ABOUT THIS EXERCISE -
An exact transcript is required of the lines below, from the one containing "Charter Club Women's" through the very last; leave every picture out of it.

INFORMATION SHOWN -
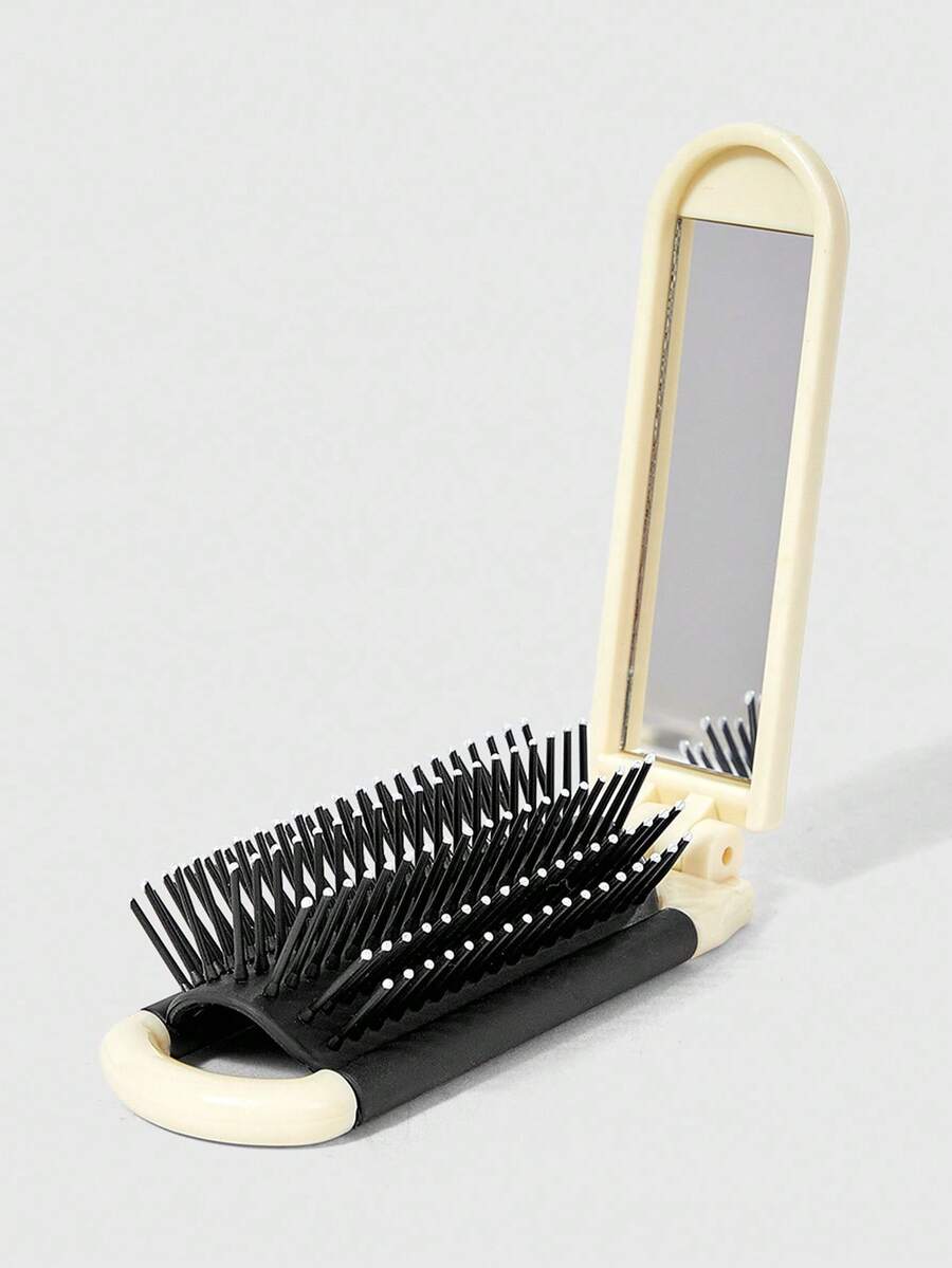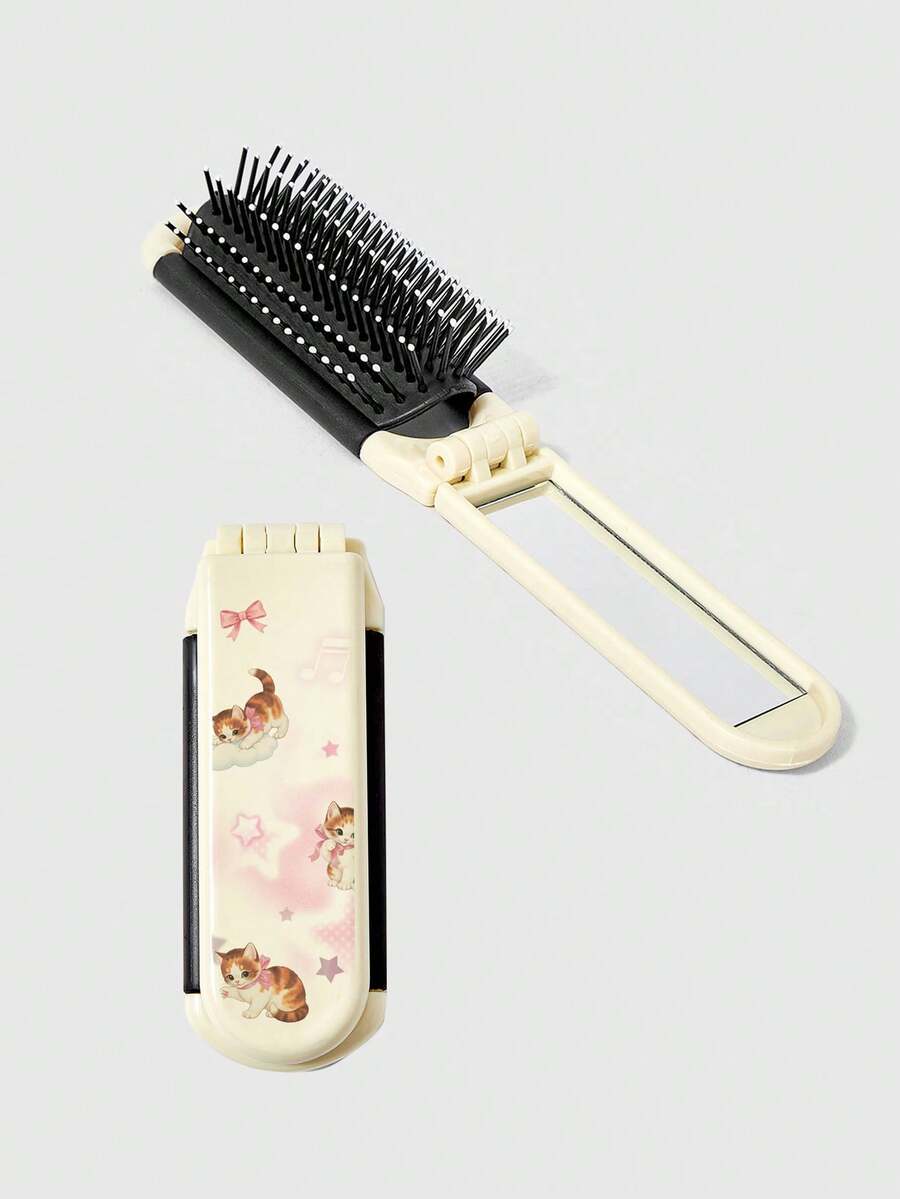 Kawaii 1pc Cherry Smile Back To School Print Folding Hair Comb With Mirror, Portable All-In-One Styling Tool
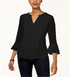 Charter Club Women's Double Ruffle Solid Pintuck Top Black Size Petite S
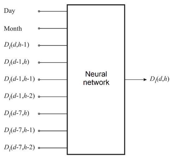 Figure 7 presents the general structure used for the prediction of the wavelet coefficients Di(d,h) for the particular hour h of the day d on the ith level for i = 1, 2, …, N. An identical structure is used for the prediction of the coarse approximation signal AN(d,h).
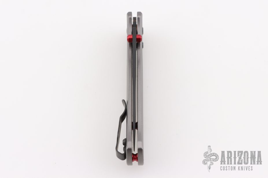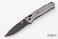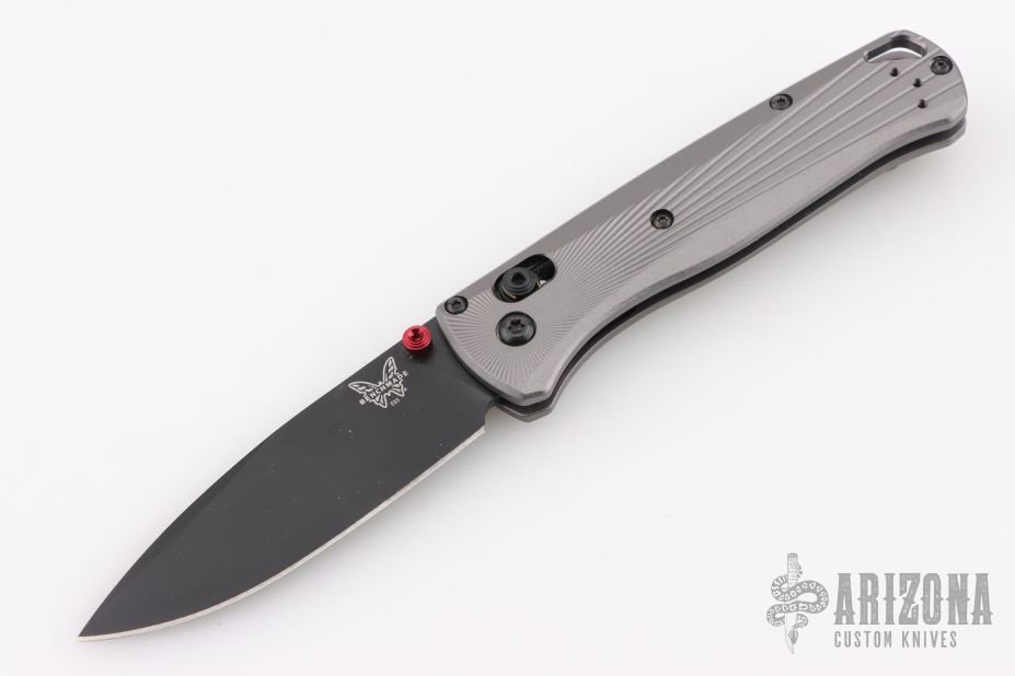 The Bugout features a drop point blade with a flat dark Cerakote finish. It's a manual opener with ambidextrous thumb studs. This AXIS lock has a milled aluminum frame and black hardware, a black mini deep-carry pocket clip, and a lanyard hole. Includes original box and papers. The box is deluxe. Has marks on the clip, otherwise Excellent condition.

TASK RESULT -
 Charter Club Women's Double Ruffle Solid Pintuck Top Black Size Petite S
 Figure 7 presents the general structure used for the prediction of the wavelet coefficients Di(d,h) for the particular hour h of the day d on the ith level for i = 1, 2, …, N. An identical structure is used for the prediction of the coarse approximation signal AN(d,h).
 The Bugout features a drop point blade with a flat dark Cerakote finish. It's a manual opener with ambidextrous thumb studs. This AXIS lock has a milled aluminum frame and black hardware, a black mini deep-carry pocket clip, and a lanyard hole. Includes original box and papers. The box is deluxe. Has marks on the clip, otherwise Excellent condition.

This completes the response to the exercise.